Jagalan 62, 12 Rabiul Awwal 1438

 

Lahirlah

 

yang dilahirkan dari semen

akan hidup kering kerontang

yang dilahirkan dari uang

akan tanda tangan kepentingan

yang lahir dari kebiadaban

akan dilindas ababil kebenaran

 

maka lahirlah sebagai air

yang menyejukkan. lahirlah

sebagai tanah yang memendam

segala kesia-siaan. lahirlah

engkau bagai api yang hangat

di gigilnya kemanusiaan. lahirlah

menjadi udara, agar jiwa tidak sesak

 

lahirlah sebagai dirimu sendiri

 

Jl. Palagan Tentara Pelajar, Rabi’ul Akhir 1438

 

Khusyu’

 

ketika engkau sholat,

Tuhan

tidak mengetahui

 

Gubuk Jetak, Rabi’ul Awwal 1437/ 31 Desember 2015

 

H 2433 FJ

kepada Tuhan yang tak pernah tidur menurunkan kasih sayangNya

 

ada yang berputar saat jantung berdebar dan getar

damar-damar berpijar sambut tuan

 

pada perlintasan petang, seteguk gusar

memecah jalan. siapakah dia Tuhan?

pemecah keheningan. tepat ketika mata melayang

mencari trotoar di persimpangan

 

duh, lail yang mana ini

datang di siang yang terik pecah

membakar risau yang buta, tentang kabar

burung bangau. lupa pada alamat pulangnya

 

siapakah dia Tuhan? datang tepat saat cahaya

redup di siang bolong. siapakah dia Tuhan?

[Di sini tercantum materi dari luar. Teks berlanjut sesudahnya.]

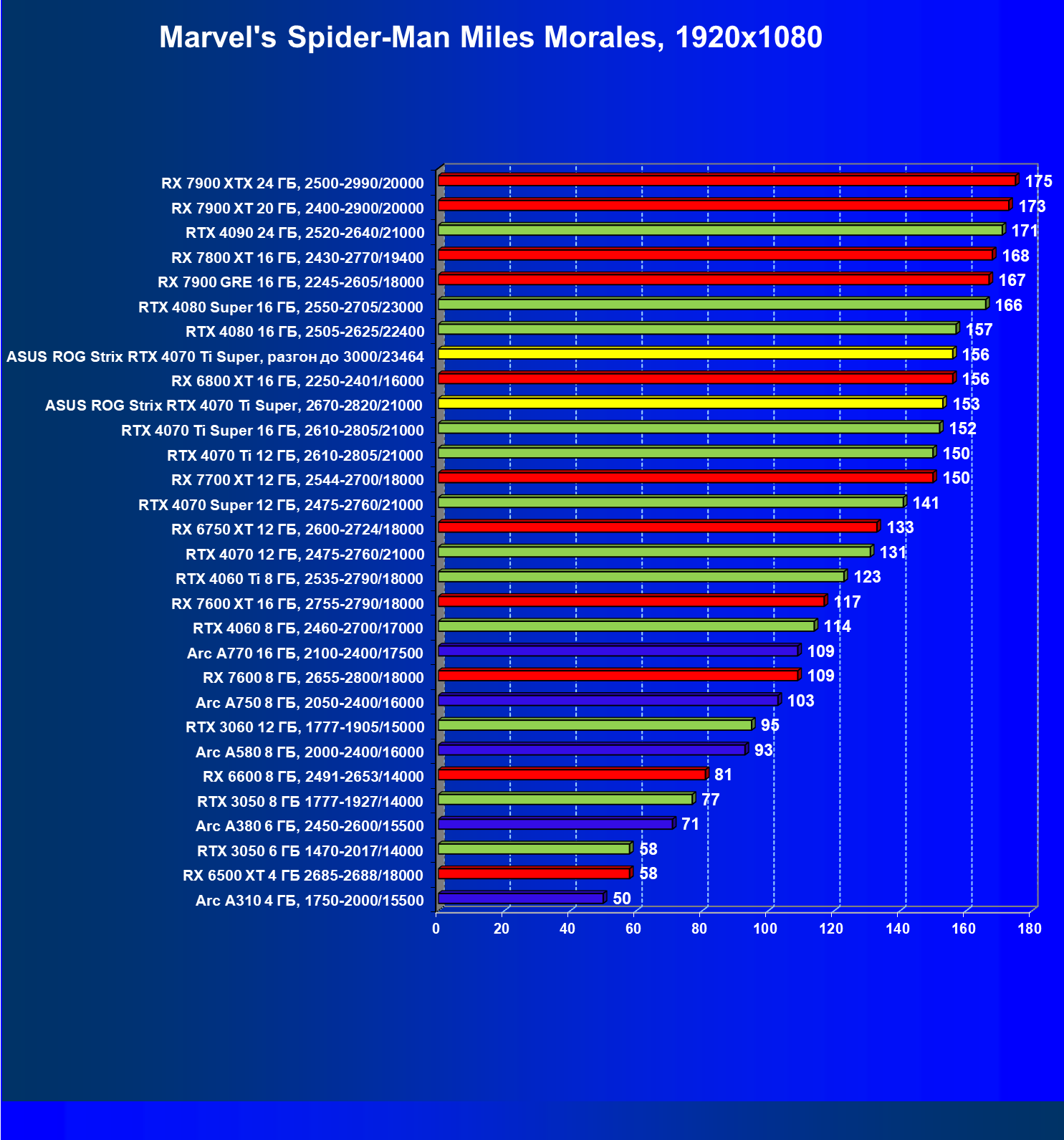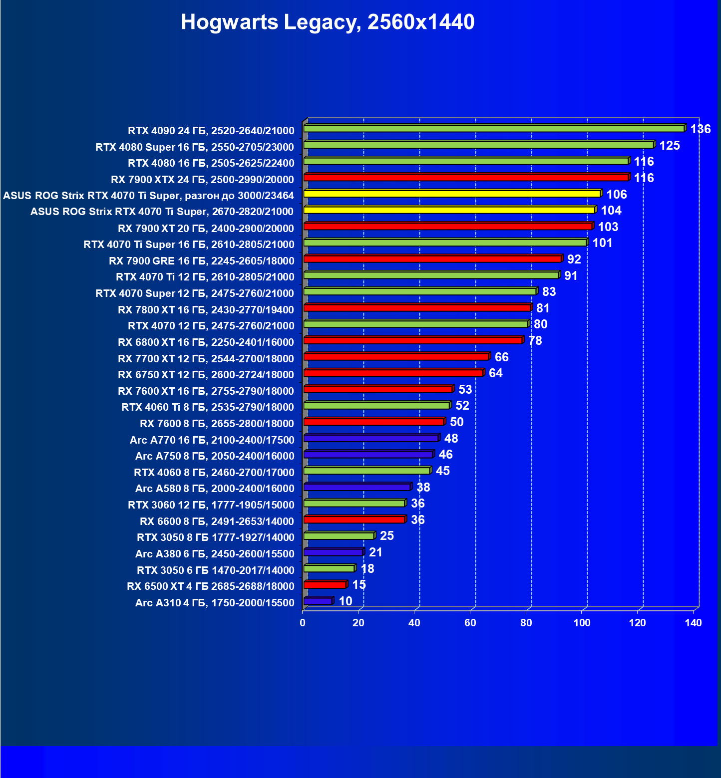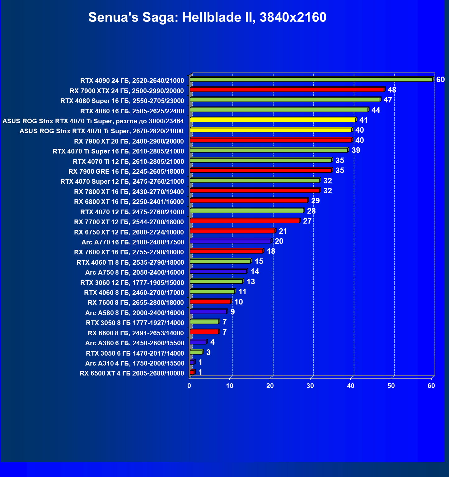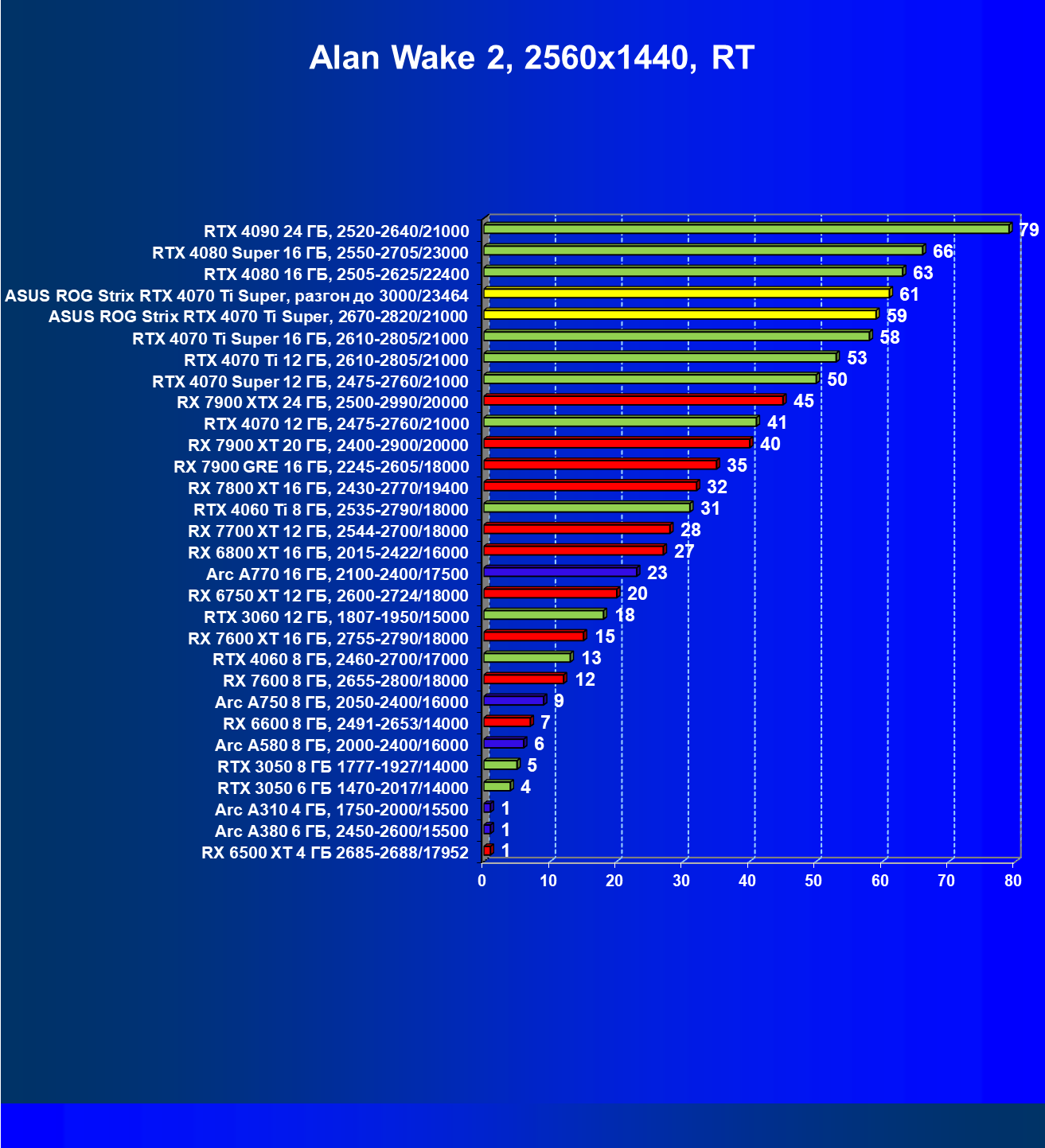 | 04 | Asus ROG Strix RTX 4070 Ti Super, разгон до 3000/23464 | 6103 | 555 | 110 000 |

silau di tubuhku, saat hati terkatup oleh teriakan

mesin-mesin, sepanjang jalan kenangan

 

jangan-jangan itu Kau, yang datang

sebagai gelap, lalu terang

benderang lalu senyap

senyap lalu cahya

 

Tuhan, kenapa huruf dan angka itu, datang

lalu pergi, tanpa basa-basi lenyap

meninggalkan alamat tak genap

untuk disemai sebagai riwayat

 

Demak-Semarang, 1434-1435

 

Penulis adalah CEO Rifa Map. Penulis puisi, cerpen dan esai. Seorang nahdliyin grassroot, pernah aktif di IPNU PK. TBS Kudus. Beralamatkan di Jetak, Wedung, Demak.